There’s a much-told story in my family about the one time we went camping. It was a sunny summer day in the mid-’80s. My family had joined our overzealous camping friends who had already pitched a tent in a park just outside Toronto. Somewhere between a boozy picnic lunch and early-evening cocktails, they convinced my parents to stay overnight.
As the lore goes, when my mother asked where she could brush her teeth and was pointed in the direction of the park’s public bathroom, she fainted and came to with her Gucci purse propped under her head and my father fanning her with a Ferragamo scarf. We then checked into a motel.
Part of that story is untrue, of course. The scarf was Hermès. But the message I gleaned from that experience was this: We are not the camping kind.

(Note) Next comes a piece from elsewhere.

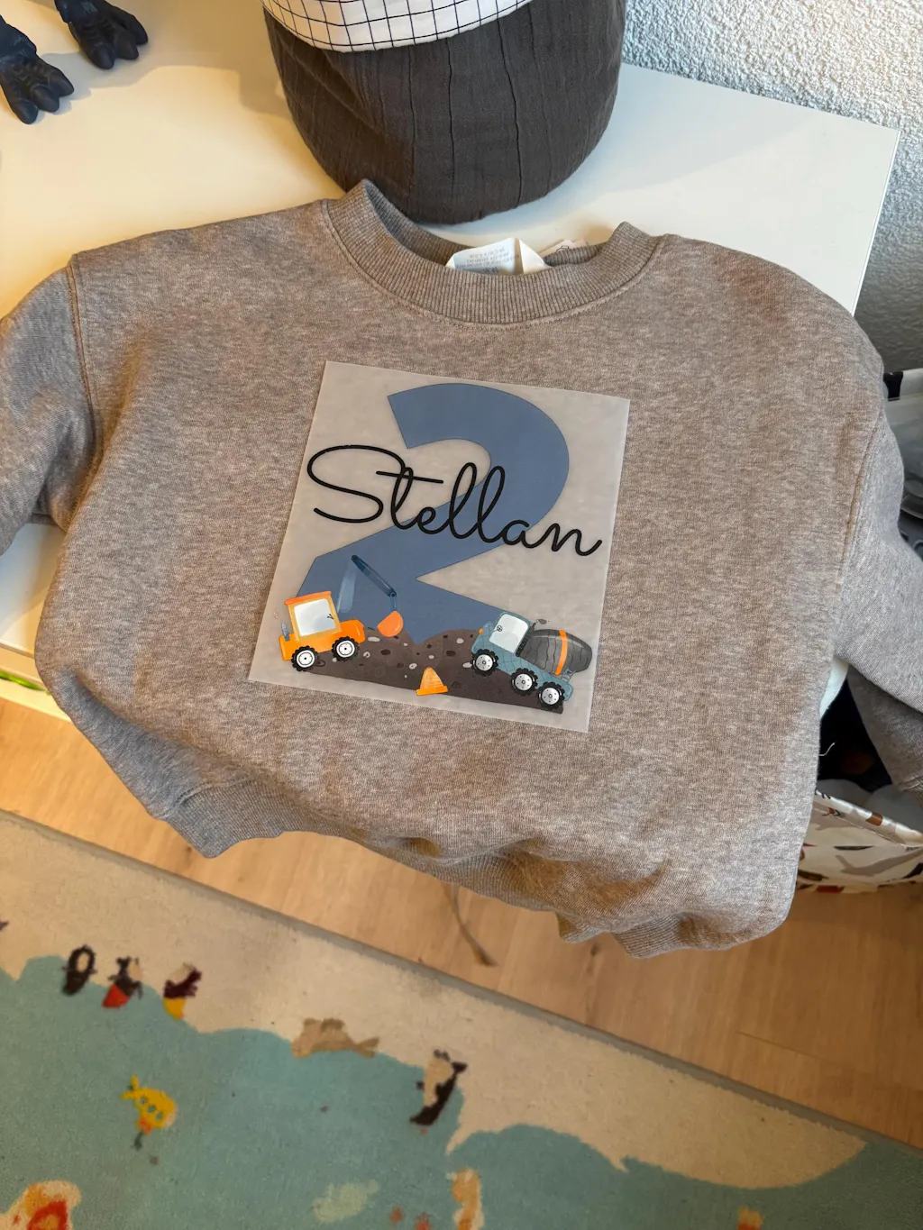 Bügelbild mit Wunschname & Wunschzahl (z. B. „Liam – 2 Jahre“)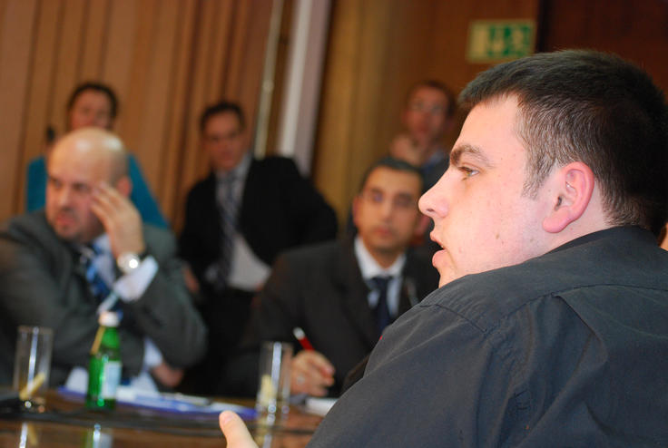 Radio Television of Kosova journalist Artan Haracia asks a question at the release of an OSCE report on division of responsibilities between central and local government, Prishtine/Pristina, 21 February 2008.

The thing is, over the years I’ve grown increasingly irritated with outdoor enthusiasts looking down their sun-damaged noses at me because I’m partial to 500-thread-count sheets and indoor plumbing. It’s as though they think my aversion to camping is somehow unpatriotic.
Eager to prove my Canadianness, when Mountain Equipment Co-op (or MEC, as the camperati call it) invited me to a Learn to Camp event, I agreed to give it a go. Organized with Parks Canada, the nationwide program, now an annual event, was created to encourage urbanites and new Canadians to “find enjoyment in camping.”
Part of MEC’s inspiration for the program came from talking to newly arrived immigrants who couldn’t understand why anyone would deliberately leave the comfort of their modern home to sleep on the cold, hard ground. (My words, not theirs.) Armed with a determination to prove myself to the disdainful nature lovers, I put on my most respectable outdoorsy outfit (cargo pants!), slathered my face in SPF 50 and braced myself for a life- altering 18 hours.
The day’s program was broken into workshops where Parks Canada volunteers and MEC ambassadors taught us how to spot poison ivy, survive a night lost in the woods and make an omelette using powdered eggs and a vivid imagination. As evening fell and groups gathered around their respective campfires, my boyfriend and I stared at each other blankly, asking ourselves the age-old question that has plagued overstimulated urbanites since the dawn of the Industrial revolution: What do we do now?
It occurred to me then that one of the driving forces of my attitude is not, in fact, a proclivity for Frette linens, but the prospect of being in the middle of nowhere for long stretches of time with nothing to do. But I was in it to win it. As everyone else yawned and crawled into their tents, my boyfriend and I cracked the first of two contraband bottles of wine we’d packed. We told stories, cracked jokes, flipped through trashy magazines and eventually retreated to our tent where we watched movies on his tablet. Basically, exactly what we would have done had we been home, minus the option of heading down to the local bar or peeing in private.
When morning came, we dragged our cramped, somewhat hungover bodies out into the cool early-summer air, looked at each other and wordlessly agreed we needed to get back to civilization — fast. We hastily quaffed some weak coffee, packed up all of our gear and made a beeline for the car, eager to skip out on the calisthenics the schedule called for. I swear my breathing didn’t go back to normal until I saw the city skyline. It turns out, I am truly not the camping kind.